NovelToon NovelToon
Miranda "Cinta Perempuan Gila"

Miranda "Cinta Perempuan Gila"

Status: sedang berlangsung
Genre:Cinta pada Pandangan Pertama / Cinta Seiring Waktu / Mengubah Takdir / Romansa / Mantan
Popularitas:1.1k
Nilai: 5
Nama Author: Nanie Famuzi

Cerita ini adalah lanjutan dari The Secret Miranda


Aku hanya perempuan yang dipenuhi oleh 1001 kekurangan. Perempuan yang diselimuti dengan banyak kegagalan.

Hidupku tidak seberuntung wanita lain,yang selalu beruntung dalam hal apapun. Betapa menyedihkannya aku, sampai aku merasa tidak ada seorang pun yang peduli apalagi menyayangi ku . Jika ada rasanya mustahil. .

Sepuluh tahun aku menjadi pasien rumah sakit jiwa, aku merasa terpuruk dan berada di titik paling bawah.

Hingga aku bertemu seseorang yang mengulurkan tangannya, mendekat. Memberiku secercah harapan jika perempuan gila seperti ku masih bisa dicintai. Masih bisa merasakan cinta .

Meski hanya rasa kasihan, aku ucapkan terimakasih karena telah mencintai ku. Miranda.

Karya ini diterbitkan atas izin NovelToon Nanie Famuzi, isi konten hanyalah pandangan pribadi pembuatnya, tidak mewakili NovelToon sendiri

Chapter 20

"Alin, sayang! Kapan kamu datang, Nak?” suara lembut Mama Wina terdengar dari arah tangga, penuh kehangatan seperti biasa.

“Barusan, Ma,” jawab Alin sambil berlari kecil memeluk mamanya. Aroma parfum khas Mama Wina langsung menyelimuti hidungnya. “Mama habis dari mana?”

Mama Wina terkekeh kecil sambil menepuk pelan punggung Alin. “Mama baru pulang, habis arisan, sayang. Aduh, capek tapi seru banget. Papa ada, kan? Kamu udah ketemu sama papa?”

“Udah, Ma. Papa lagi di ruang kerjanya, kayaknya masih sibuk banget,” sahut Alin sambil tersenyum tipis.

“Oh, ya sudah,” jawab Mama Wina sambil melepas pelukan dan mengibaskan tangan kecilnya di depan wajah. “Mama mandi dulu, ya. Gerah banget!
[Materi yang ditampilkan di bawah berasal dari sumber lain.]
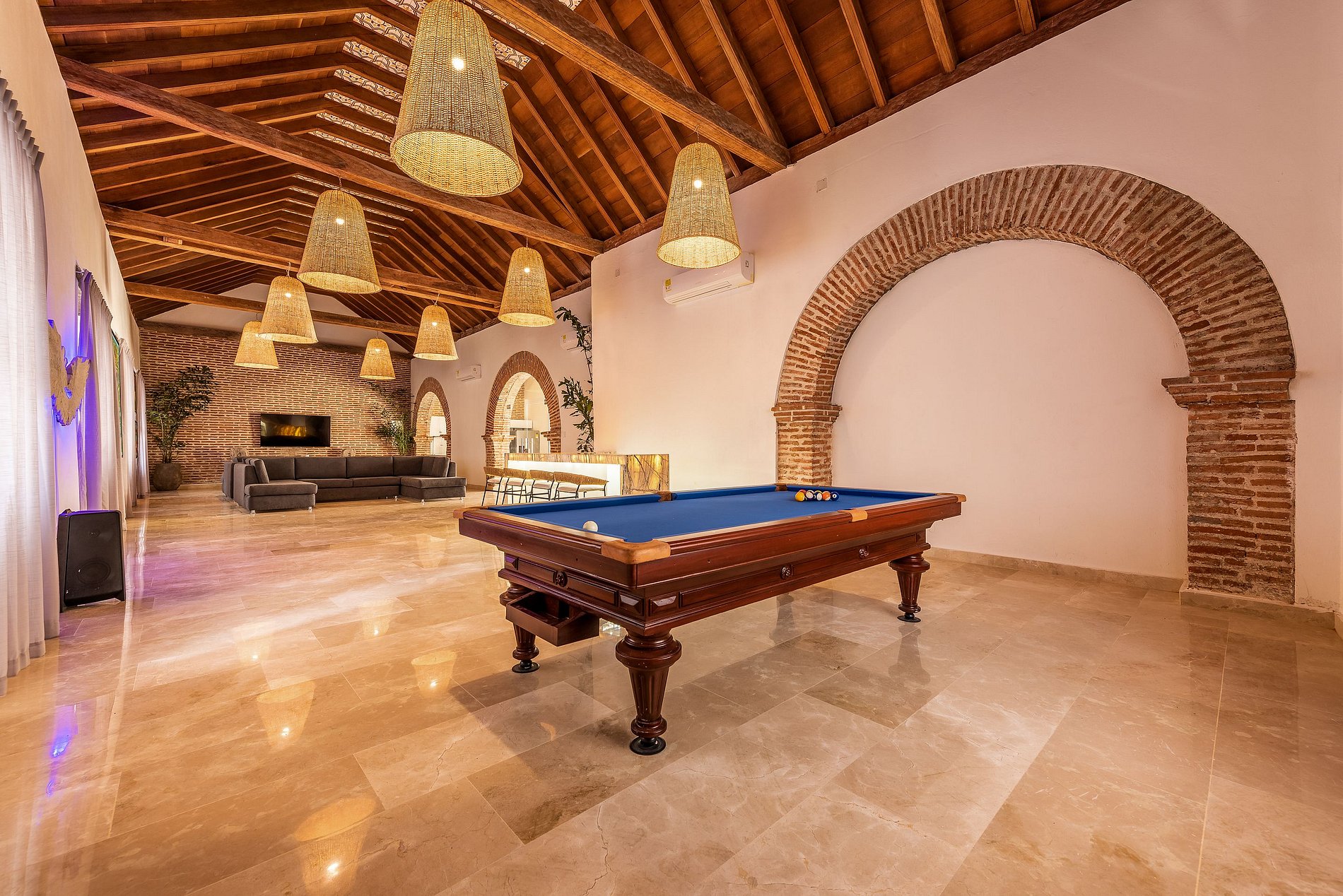 Esta esplêndida propriedade está localizada no centro histórico, uma das melhores áreas de Cartagena. Esta vila renovada tem uma piscina maravilhosa, 11 quartos, uma ampla sala de estar, uma elegante sala de jantar de madeira e também uma mesa de bilhar.

Nanti kita makan malam bareng-bareng, oke?”

Alin mengangguk pelan, menatap punggung Mama Wina yang beranjak naik ke lantai atas.
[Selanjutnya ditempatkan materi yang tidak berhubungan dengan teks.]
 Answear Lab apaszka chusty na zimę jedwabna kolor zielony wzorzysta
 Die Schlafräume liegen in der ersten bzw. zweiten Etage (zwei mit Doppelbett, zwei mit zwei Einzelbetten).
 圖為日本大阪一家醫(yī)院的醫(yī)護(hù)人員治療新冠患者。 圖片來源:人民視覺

Senyumnya sempat muncul, tapi hanya sekejap. Begitu mamanya menghilang di balik tikungan tangga, senyum itu langsung pudar, berganti dengan tatapan kosong.

Alin melangkah masuk ke kamar dengan langkah lemah. Ia menatap foto pernikahannya dengan Jodi yang terpajang di atas meja rias, senyum mereka di dalam bingkai itu terasa seperti kebohongan manis yang kini menyakitkan.

Tangannya menyentuh permukaan kaca foto itu pelan, seolah ingin menembus waktu.

Tok… tok… tok…

Suara ketukan di pintu memecah lamunannya.

“Alin, ini Papa. Boleh Papa masuk?” suara lembut tapi khawatir terdengar dari luar.

Alin menarik napas panjang, berusaha menelan getir di tenggorokannya. “Masuk aja, Pa. Gak dikunci kok,” ucapnya lirih, tanpa menoleh.

Pegangan pintu berputar perlahan, dan sosok Papa muncul, membawa tatapan cemas.

“Pa…” ujar Alin pelan, mencoba tersenyum meski bibirnya terasa kaku.

Pak Arman menatap putrinya penuh selidik. “Alin, kamu kenapa? Kamu baik-baik aja, kan? Tumben banget pulang gak ngasih kabar dulu. Biasanya kalau mau pulang, kamu udah heboh duluan bilang ke Papa sama Mama.”

Alin cepat-cepat menggeleng, berusaha tampak santai. “Ah… nggak apa-apa kok, Pa. Alin cuma pengin kasih kejutan aja.” ujarnya, memaksakan tawa kecil yang terdengar janggal di telinganya sendiri.

Pak Arman menyipitkan mata, jelas tak begitu percaya. “Kejutan, ya?” ia duduk di tepi ranjang, menatap wajah putrinya yang tampak pucat. “Kamu gak lagi berantem kan… sama Jodi?”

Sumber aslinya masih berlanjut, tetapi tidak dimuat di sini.